There are times when you make a decision in the midst of a storm because you have no other choice at the moment. Once the storm clears you look back and wonder if you made the right decision. Sometimes, hindsight is 20/20 and you realize that you made a hasty decision, one that given another opportunity, you would make a different decision. But then there are times when you are blessed with the opportunity to look back on a decision you made during a storm and be reassured you made the right choice. That is what happened to me this morning and I couldn’t be more grateful; so much so that I had to share.
One of my resolutions for the New Year was to not lose any friends this year. I made that one of my resolutions because at the time, I was feeling like a choice I made to eliminate a friend from my life in 2011 was a good decision but one of those traumatic experiences that I just didn’t want to have to go through in 2012. At the time, I was struggling with the idea that I was always the one who had to break up with friends. At some point I had to be willing to acknowledge that there was something I was doing wrong because certain friendships had gone on past their shelf life. What I realize now, my error wasn’t in ending the friendships, it was in letting people stay in my life far longer than their actions indicated they should have.

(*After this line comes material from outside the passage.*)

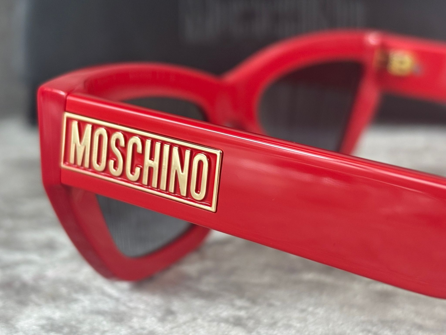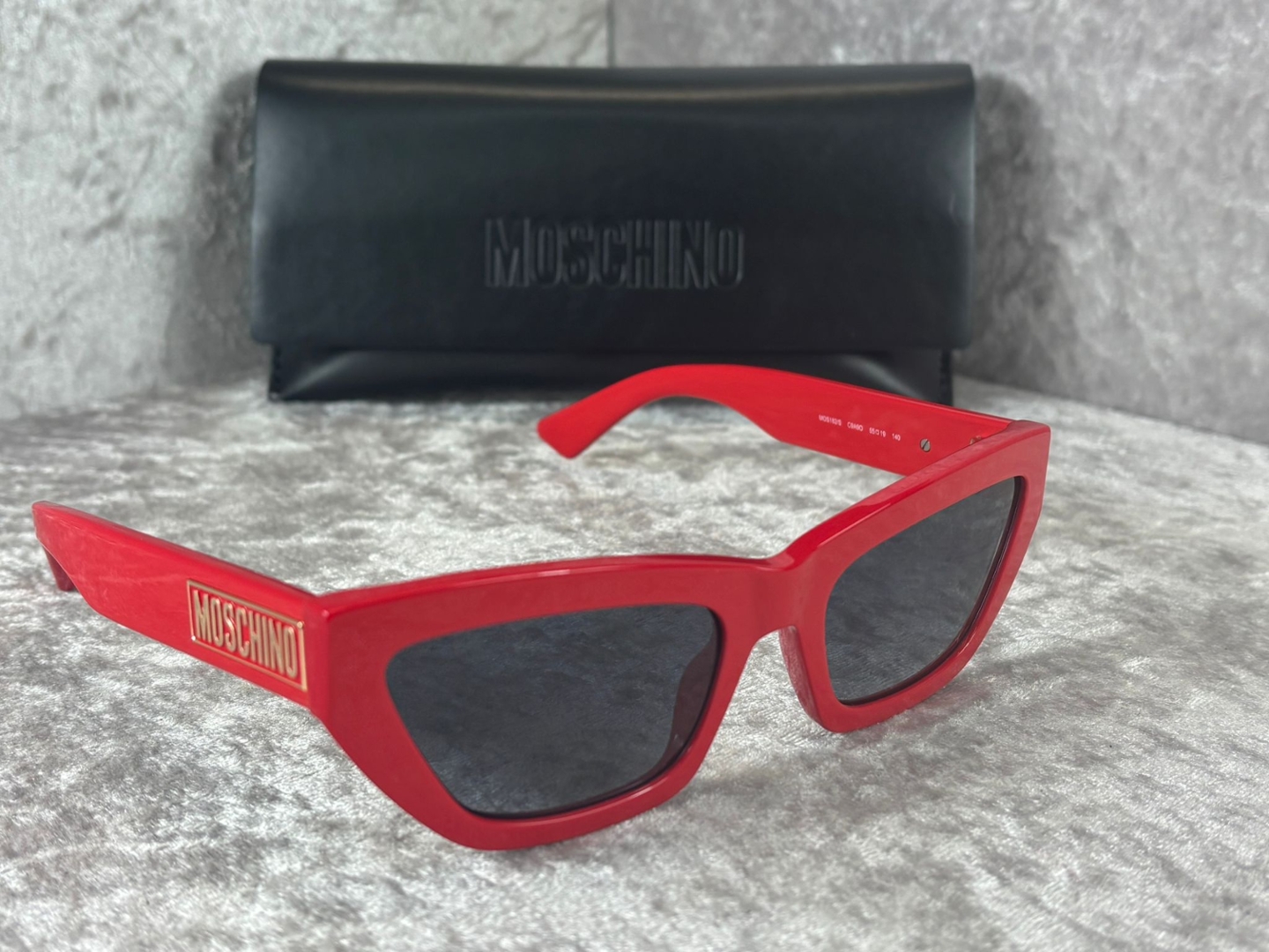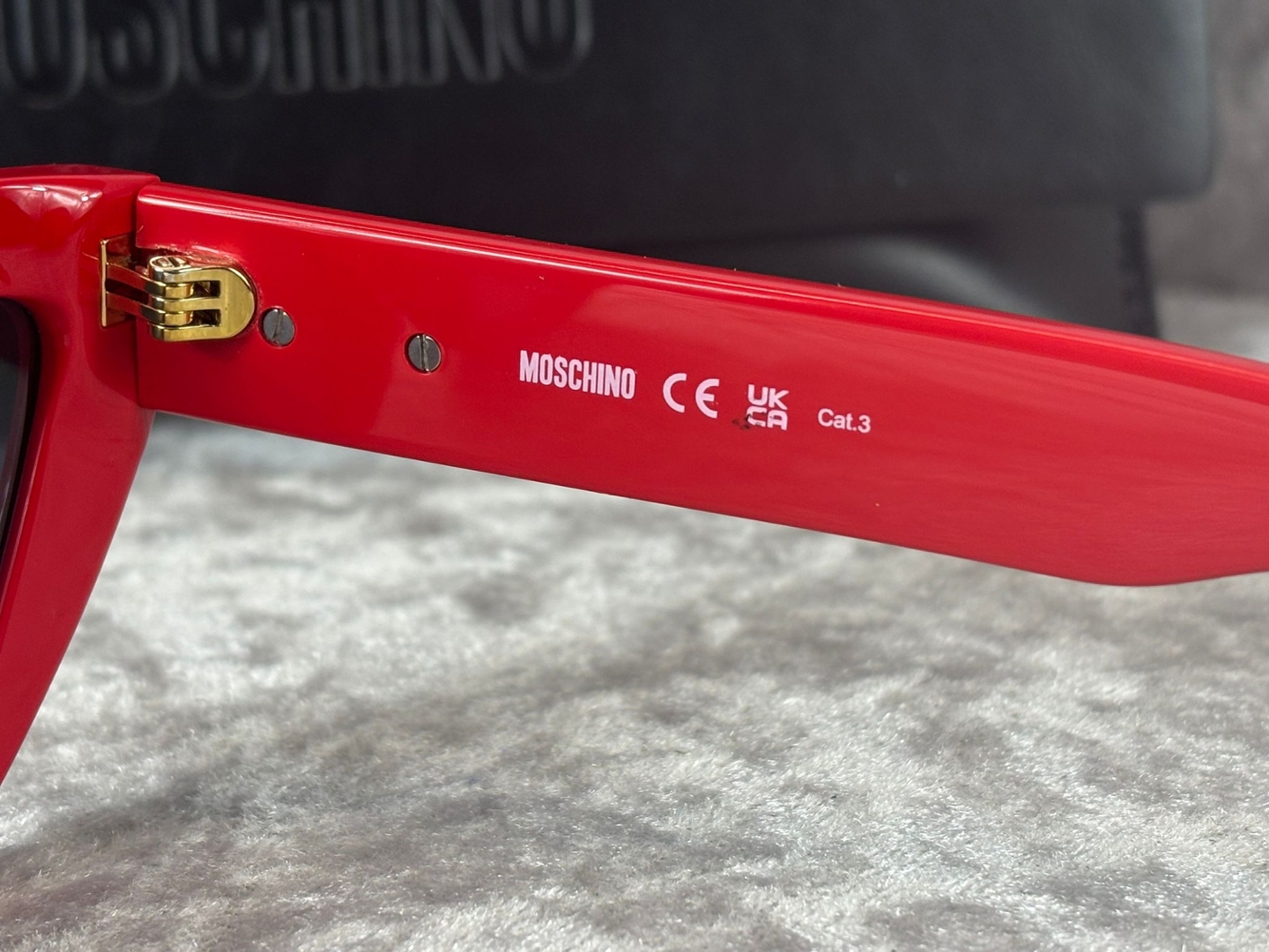 A Brand new, unused pair of Moschino Cat Eye - Red Sunglasses.

Sometimes when you have a longstanding friendship with a person, you ignore things about them. Sometimes you make excuses for a person and their poor character traits because you love them. And by not addressing their behavior and how they treat others, you are complicit in that behavior and must not be surprised when they begin to treat you in the same fashion. When you allow them to believe their behavior is acceptable, you set the ball in motion. Eventually that ball will pick up speed and come rolling down upon you. And when that happens, as much as you want to, resist the urge to blame your friend. For the responsibility is yours to demand people in your life act accordingly or excuse them from your life. That doesn’t require a break up of massive magnitudes, it could just mean distancing yourself and/or changing your relationship in order to preserve it. That can be what saves a relationship and prevents you from having to experience the traumatic break up. More than likely the friendship will fade to black.
With a few key strokes, I was reminded today why the friend that caused me so much grief in 2010/2011 never made it to 2012. She is an asshole. She is a cold hearted person who is extremely miserable in her own life and takes that misery out on anyone who she believes is possibly happy in their own life. For as much as she believes herself superior to others, she is in fact the greatest demonstration of an underachiever ever. For all the effort her parents put into her being well rounded with her education and extra-curricular activities, they failed in teaching her to be a good, decent human being capable of sustaining loving, respectful, honest relationships where both parties are able to be held accountable for their behavior. She isn’t a supportive friend, except of course when you are participating in self-destructive behavior, then she supports you 100% because she gets a thrill from seeing people destroy their lives, it helps her to justify her often messy, unstable, unhappy life. The more willing you are to destroy yourself, the more supportive she will be, it helps her feel better about herself. As much as she believes herself one who always keeps it real, she lives in a fantasy world where up is down, left is right and she is never responsible for her behavior (although you must always be). She is mean to people she proclaims to care about and she finds nothing wrong with that. She isn’t a nice person. Looking back, the last time she was a nice person, we were in Junior High School.
Letting people stay in your life too long is begging for a traumatic ending, one which will cause you much more pain and anguish than you really need. Let people go when you see they don’t fit into your mold of what a good friend is. Let people go when they show you how they treat people who they claim to love, for it will only be a matter of time before they treat you exactly the same way. And when they do, you will be the one to blame.
Today I was reminded exactly why 2012 doesn’t include this person and no year going forward will ever include her again. And as my connections to her continue to disappear, I am confident that having spent 20 years of my life in a friendship with her won’t mean much of anything 20 years from now. Especially since the valuable lesson I learned from our traumatic break up will prevent me from ever experiencing a person like her ever again. A lesson I am eternally grateful to have received, even if it came 20 years too late.